The Interim Report of the Low Value Parcel Processing Taskforce reveals that low value (under $1000) parcels from overseas have grown 36 percent over the last two years, and over 20 percent between 2010 and 2011.
While the Interim Report gives little hint of what it might ultimately recommend when it hands down its final report in July, the Taskforce has consulted widely with stakeholders, including retailer groups representing the bicycle, music and general retail sectors.
Facts & figures
Between the financial years 2006/7 to 2010/11, the number of parcels being delivered through Australia’s international mail gateways has grown from 23.56 million to 48.06 million – an increase of 104 per cent.
The bulk of the increase in parcels has been packets of less than 2kg, which represents 80.1 per cent of the increased volume. Over the same period, the volume of parcels valued between $0 and $1000 passing through international air cargo operators has increased from approximately 6.3 million to 10.4 million.
The National Retailers Association (the lobby group for big retailers such as Woolworths and Coles) estimates an annual increase in online sales – both local and international – ranging from 7.6 per cent to 20.4 per cent per annum.
‘While recognising that these projections relate variously to domestic and international online sales growth, and may also include products such as ticket deliveries, simply assuming an annual parcel growth in line with the mid-point of these estimates (14 per cent per annum), would mean that over the next four years Australia would see an increase in mail parcels passing through the international gateways to around 81 million by 2014/15,’ the Report stated.
Over $1000 imports falling? (Not!)
While all the other data provided in the Interim Report points to a rapidly growing online offshore channel in Australian rretailing, it’s interesting to note that in 2010-11, the Report states that around 39,000 postal items were processed for duty and/or GST liability, of which a little under half – 17,318 – were goods declared to have a value over $1000, with the remainder related to alcohol and/or tobacco products. This is a drop from the previous, GFC-impacted year, when approximately 43,000 items were processed for duty and/or GST liability, of which 19,056 were valued at over $1000.

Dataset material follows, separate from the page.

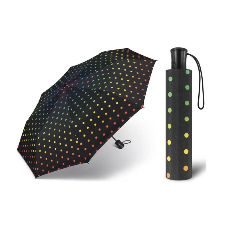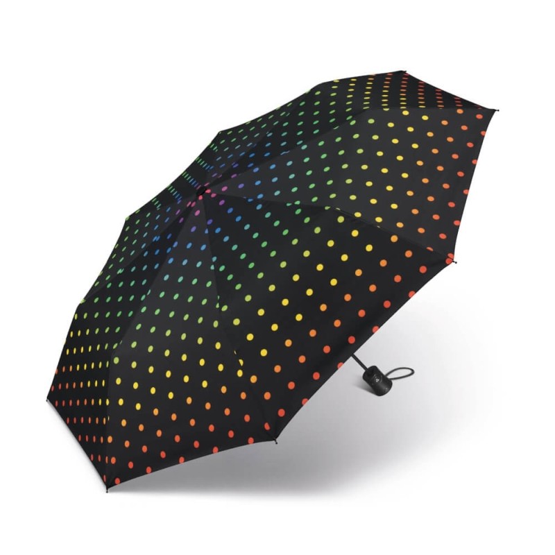 Automatyczna parasolka marki Happy Rain otwierana przy pomocy jednego przycisku, zamykana manualnie.

It’s even more interesting to note that the report seems to take these discordant figures at face value, not questioning the level of false declaration of value.
Australia out of kilter
Perhaps the most compelling argument for a reduction in the threshold is a chart in the report which shows Australia is massively out of kilter with other free market economies is the application of a low value threshold (Australian dollar equivalents):
NZ: $312 (not collected unless GST revenues amount to over $60)
US: $0 (no national sales tax – $200 for import duty, $100 for gifts)
The final report will be presented to the Assistant Treasurer, the Hon David Bradbury, in July 2012. It will contain ‘a comprehensive blueprint for reform, with costed alternatives and timeframes for implementation.’
Unfortunately these cost alternatives will not include a firm recommendation on a revised low value threshold as: ‘It is not within the Taskforce’s Terms of Reference to specifically recommend the application of any particular threshold level.’
It’s clear, however, that any changes will have to be at best cost-neutral. Equity for local retailers takes a second place to this criterion, as laid down in the earlier Productivity Commission report:
There are strong in-principle grounds for the low value threshold (LVT) exemption for GST and duty on imported goods to be lowered significantly, to promote tax neutrality with domestic sales. However, the Government should not proceed to lower the LVT unless it can be demonstrated that it is cost-effective to do so. The cost of raising the additional revenue should be at least broadly comparable to the cost of raising other taxes, and ideally the efficiency gains from reducing the non-neutrality should outweigh the additional costs of revenue collection.
The Taskforce has travelled to Canada, the UK and Singapore to get a better understanding of how these countries are able to work the miracle of collecting GST on imported goods without sending their governments broke!
Judging by the lack of anything in this Interim Report approaching recommendations or even costings to implement alternatives, the Taskforce has a huge amount of work to do between now and July.